Given the speed at which the superyacht industry moves, Antarctica could be “so 2013”.
While the polar extremes are undeniably beautiful, Russia’s Kamchatka province is yachting’s final frontier. This UNESCO-protected volcanic peninsula points 1,000km out into the Pacific deep.
A land of fire and ice, Kamchatka has tested explorers to the very limit. The first Europeans only arrived in the 1600s, long after they explored America and Japan. The great Vitus Bering nearly died on his coastal survey in 1729 – but received a princely 1,000 Rubles for his effort.

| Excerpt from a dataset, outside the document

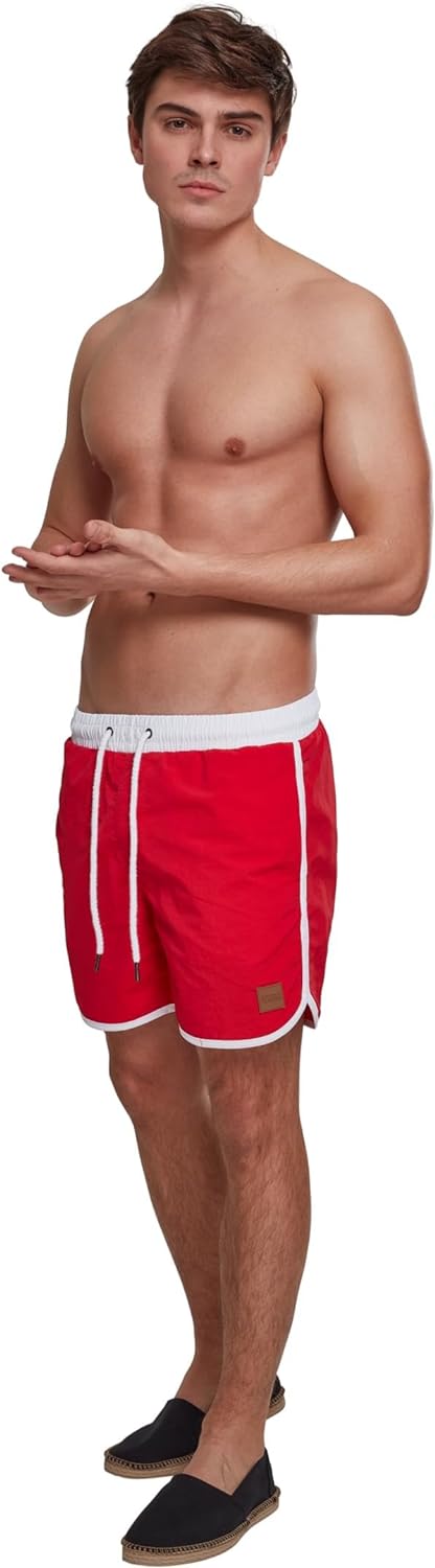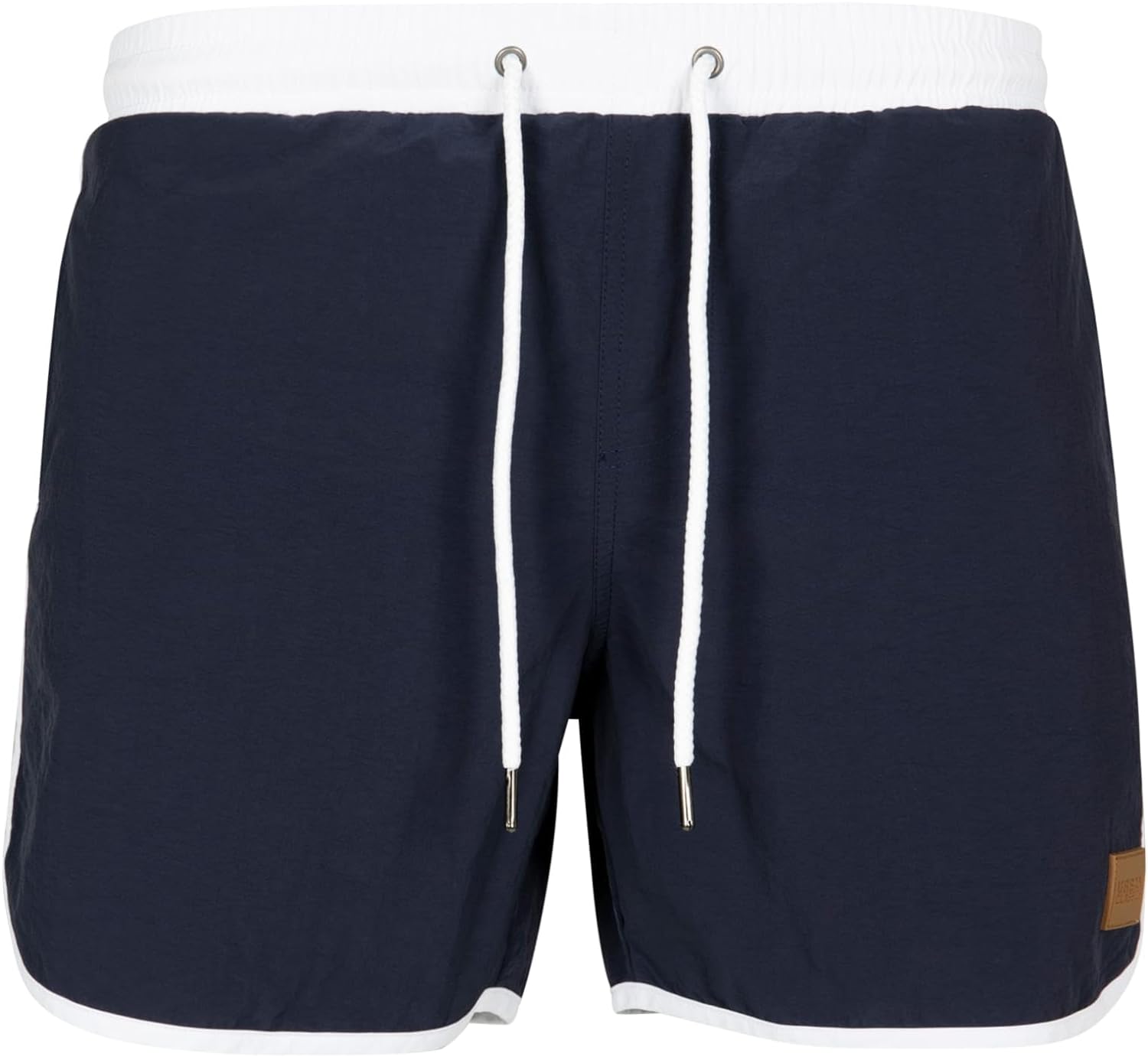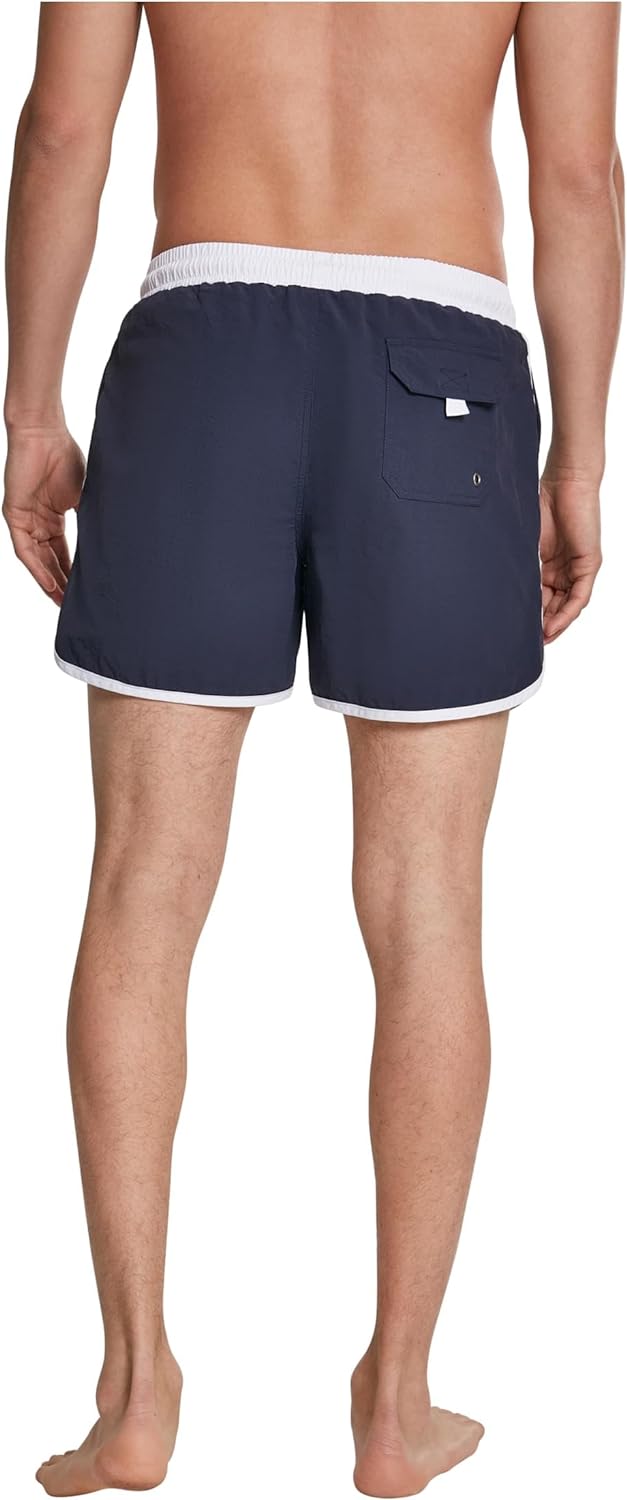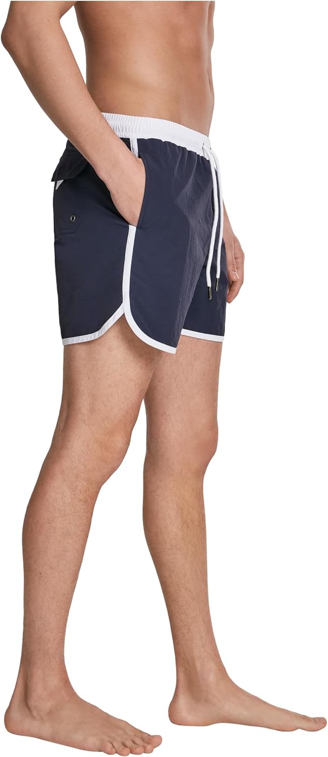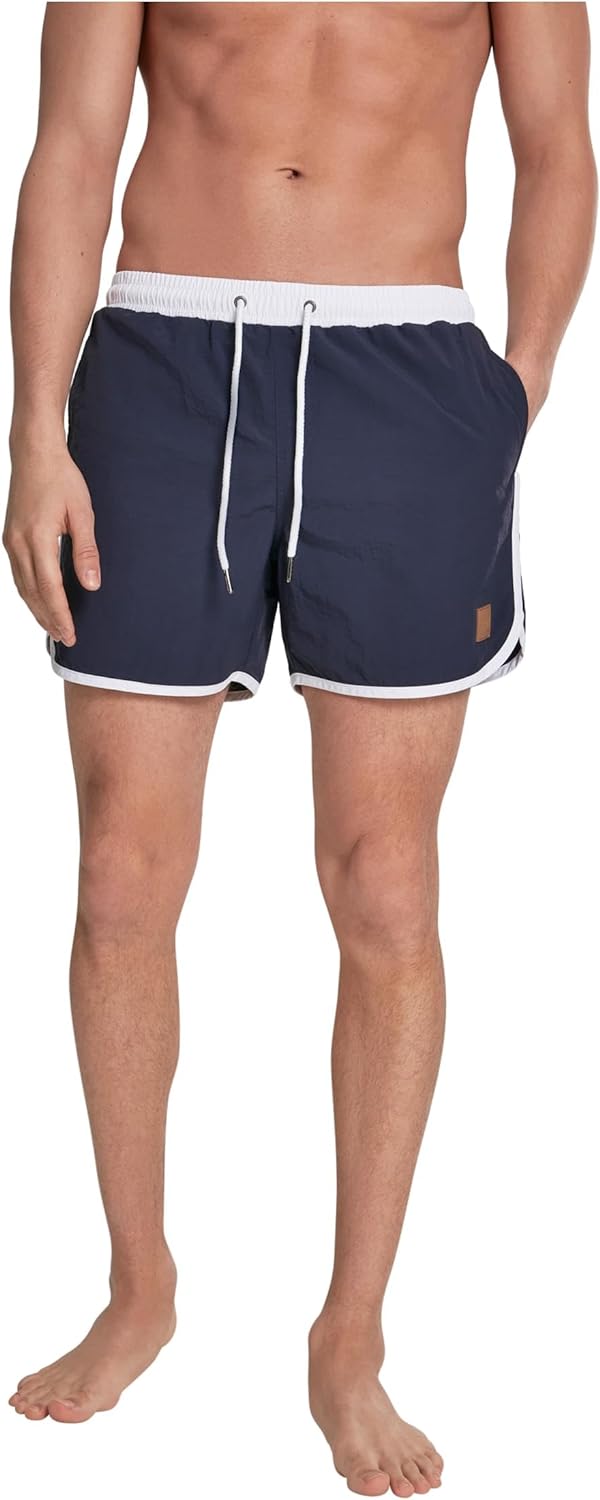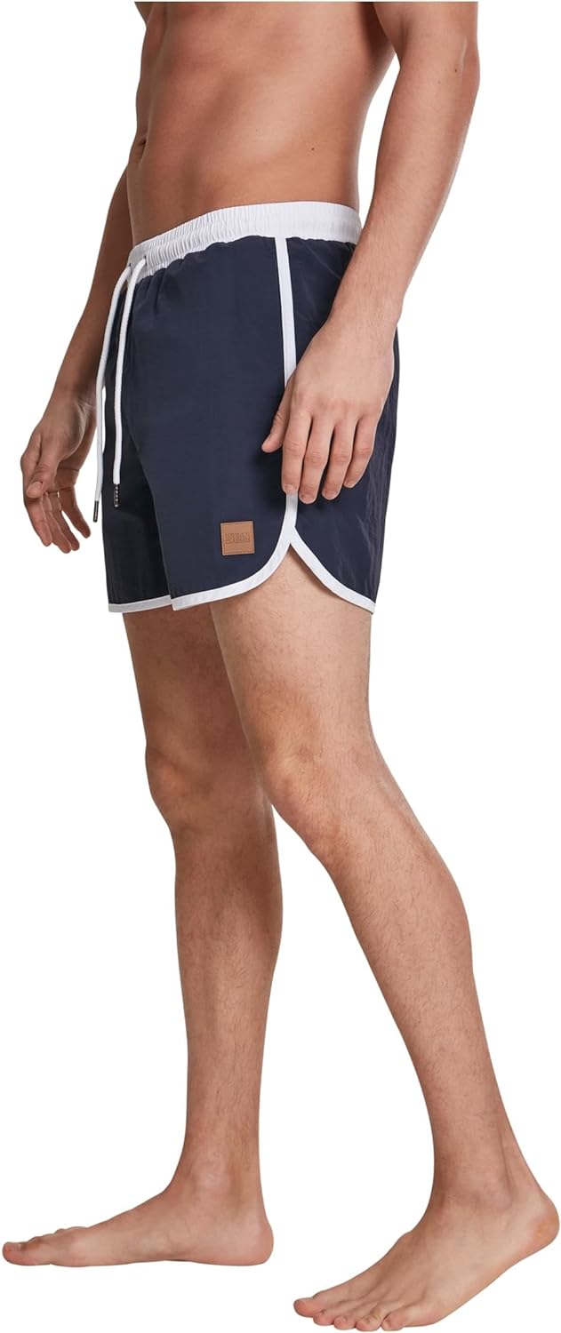 With a beautiful touch of retro to the pool. Classic sportswear design: the retro swim shorts from Urban Classics come authentic with a short fit, slightly rounded leg hem and white contrast piping as well as a white contrasting elastic waistband with drawstring. The lightweight nylon material, side pockets and a mesh insert ensure optimal comfort. The men's swimming trunks are available in black, red and navy blue, each with white contrasts in sizes XS (navy only), S, M, L, XL, XXL (all colours) as well as 3XL, 4XL and 5XL (black & navy). What size do I need? Size XS: length 35 cm / 1/2 hem 36 cm / 1/2 leg width (thigh) 33.5 cm. Size S: length 37 cm / 1/2 hem 38.5 cm / 1/2 leg width (thigh) 34.8 cm. Size M: length 39 cm / 1/2 hem 41 cm / 1/2 leg width (thigh) 36 cm Size L: length 41 cm / 1/2 hem 43.5 cm / 1/2 leg width (thigh) 37.3 cm. Size XL: length 43 cm / 1/2 hem 46 cm / 1/2 leg width (thigh) 38.5 cm. Size XXL: length 43.5 cm / 1/2 hem 49 cm / 1/2 leg width (thigh) 40 cm. Size 3XL: length 44 cm / 1/2 hem 52 cm / 1/2 leg width (thigh) 41.5 cm. Size 4XL: length 44.5 cm / 1/2 hem 55 cm / 1/2 leg width (thigh) 43 cm. Size 5XL: length 45 cm / 1/2 hem 58 cm / 1/2 leg width (thigh) 44.5 cm.

In Soviet times, Kamchatka’s principal port, Petropavlovsk, was closed to sailors. Today superyachts are seldom seen. But this frontier town is the launching pad for adventures into the interior, mostly commonly by light aircraft, Mi8 helicopter, or six-wheel-drive. Charter parties can navigate up the raging Mutnovsky River and bathe midstream in a volcanic spring. Wildlife safaris take in monsters of the ridge: marmot, lynx, brown bear and arctic fox.
Offshore, the peninsula descends a full 10km under the Pacific Ocean. Like a northern Patagonia, wildlife – including orcas and sea lions - thrives in the deepest of oceans. From a luxury yacht’s crows nest, bridge or tender, one can even spot migrating pods of humpback and blue whale. Wildlife fans in Kamchatka will be spoilt for choice.